• DIRECTIONS FOR THIS TASK:
An exact copy of the lines, starting at the top of the listing and ending with the line that has "工人在生产线上组装自行车", is the required answer. Pictures are not part of it.
#####
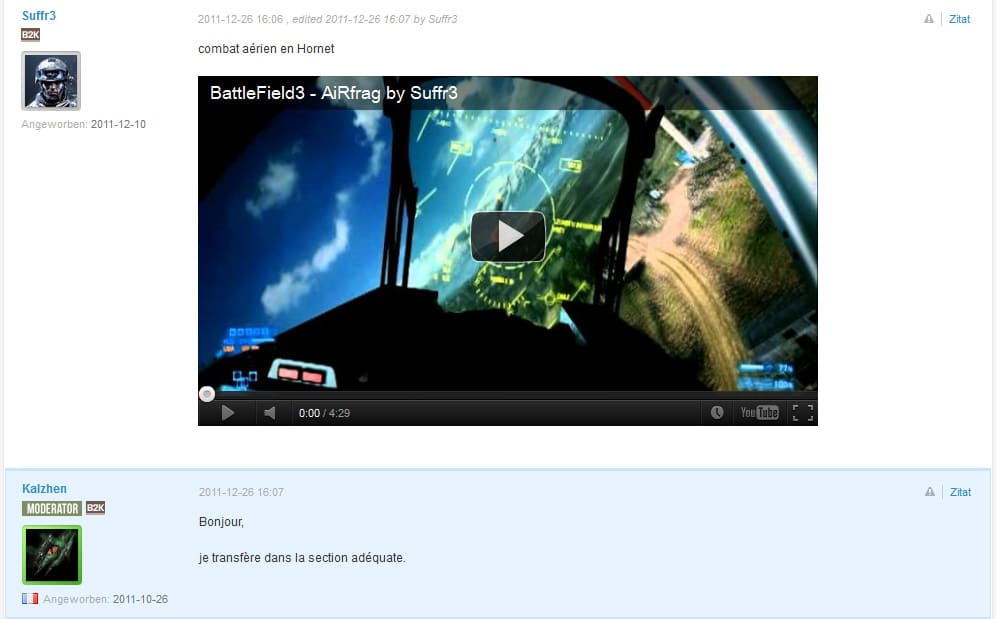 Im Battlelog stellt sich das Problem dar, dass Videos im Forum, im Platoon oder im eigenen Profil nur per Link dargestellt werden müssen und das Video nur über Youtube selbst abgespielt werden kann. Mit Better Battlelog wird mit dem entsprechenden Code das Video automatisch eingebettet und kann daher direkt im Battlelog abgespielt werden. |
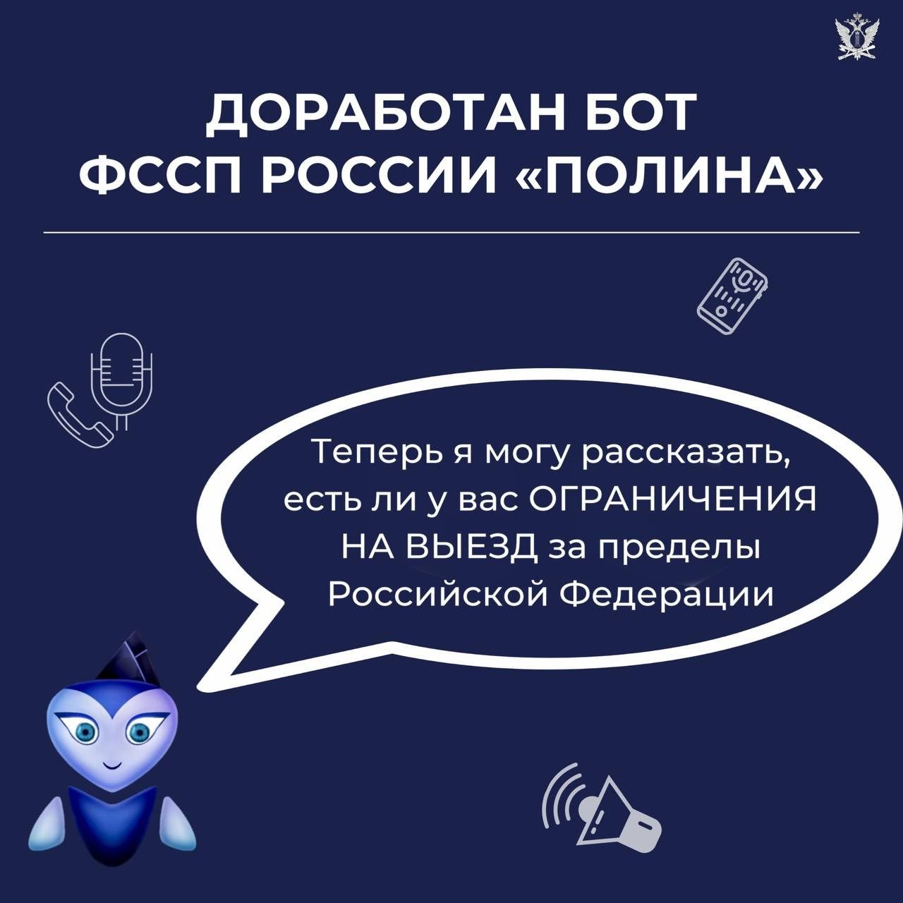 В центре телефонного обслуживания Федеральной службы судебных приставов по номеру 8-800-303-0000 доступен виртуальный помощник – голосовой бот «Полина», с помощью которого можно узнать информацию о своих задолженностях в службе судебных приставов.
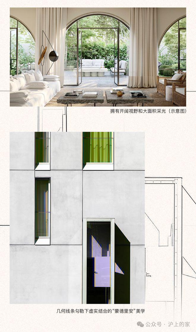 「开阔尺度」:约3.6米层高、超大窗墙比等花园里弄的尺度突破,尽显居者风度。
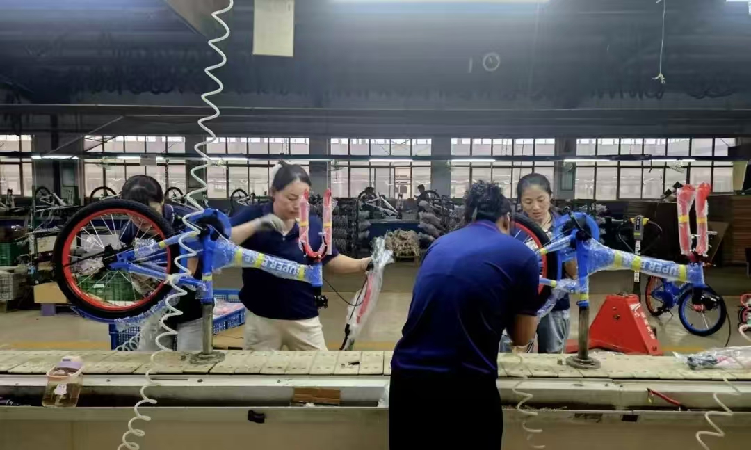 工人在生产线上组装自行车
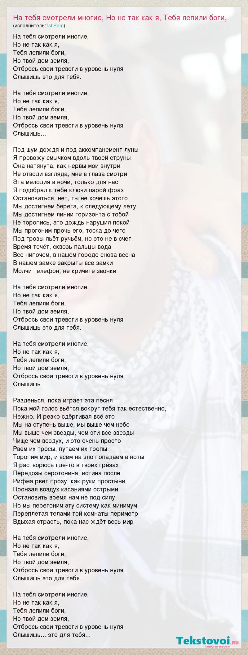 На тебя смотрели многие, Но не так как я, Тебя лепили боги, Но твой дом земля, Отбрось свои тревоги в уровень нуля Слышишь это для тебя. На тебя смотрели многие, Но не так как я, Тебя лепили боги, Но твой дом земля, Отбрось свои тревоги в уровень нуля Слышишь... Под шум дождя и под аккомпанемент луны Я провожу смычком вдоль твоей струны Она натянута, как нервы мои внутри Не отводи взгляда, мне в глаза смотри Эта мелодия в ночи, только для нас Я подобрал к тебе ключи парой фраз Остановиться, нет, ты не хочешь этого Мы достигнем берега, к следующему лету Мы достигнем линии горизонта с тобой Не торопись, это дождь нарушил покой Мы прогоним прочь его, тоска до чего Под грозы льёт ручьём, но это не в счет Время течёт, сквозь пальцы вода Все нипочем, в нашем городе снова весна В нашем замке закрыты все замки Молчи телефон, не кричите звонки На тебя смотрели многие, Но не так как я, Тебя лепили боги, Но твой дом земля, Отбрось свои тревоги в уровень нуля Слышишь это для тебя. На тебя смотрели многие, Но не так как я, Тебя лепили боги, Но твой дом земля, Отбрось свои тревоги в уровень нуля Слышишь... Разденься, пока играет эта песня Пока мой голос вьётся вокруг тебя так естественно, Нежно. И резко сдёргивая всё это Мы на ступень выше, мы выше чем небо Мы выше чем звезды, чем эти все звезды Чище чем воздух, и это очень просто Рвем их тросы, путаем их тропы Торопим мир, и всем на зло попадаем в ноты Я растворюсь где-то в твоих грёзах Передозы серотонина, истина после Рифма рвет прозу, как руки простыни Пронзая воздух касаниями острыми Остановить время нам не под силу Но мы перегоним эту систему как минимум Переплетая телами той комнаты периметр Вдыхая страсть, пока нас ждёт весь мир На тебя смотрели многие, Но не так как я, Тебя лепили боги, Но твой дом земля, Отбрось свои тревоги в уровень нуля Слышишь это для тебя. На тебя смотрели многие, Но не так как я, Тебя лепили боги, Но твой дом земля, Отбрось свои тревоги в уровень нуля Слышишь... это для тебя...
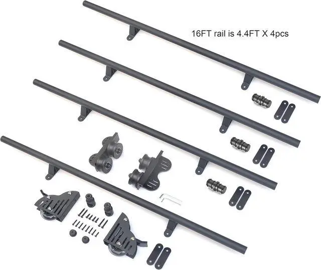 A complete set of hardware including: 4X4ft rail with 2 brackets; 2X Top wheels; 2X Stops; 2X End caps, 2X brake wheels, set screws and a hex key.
#####
• RESULT OF THE EXERCISE:
 Im Battlelog stellt sich das Problem dar, dass Videos im Forum, im Platoon oder im eigenen Profil nur per Link dargestellt werden müssen und das Video nur über Youtube selbst abgespielt werden kann. Mit Better Battlelog wird mit dem entsprechenden Code das Video automatisch eingebettet und kann daher direkt im Battlelog abgespielt werden. |
 В центре телефонного обслуживания Федеральной службы судебных приставов по номеру 8-800-303-0000 доступен виртуальный помощник – голосовой бот «Полина», с помощью которого можно узнать информацию о своих задолженностях в службе судебных приставов.
 「开阔尺度」:约3.6米层高、超大窗墙比等花园里弄的尺度突破,尽显居者风度。
 工人在生产线上组装自行车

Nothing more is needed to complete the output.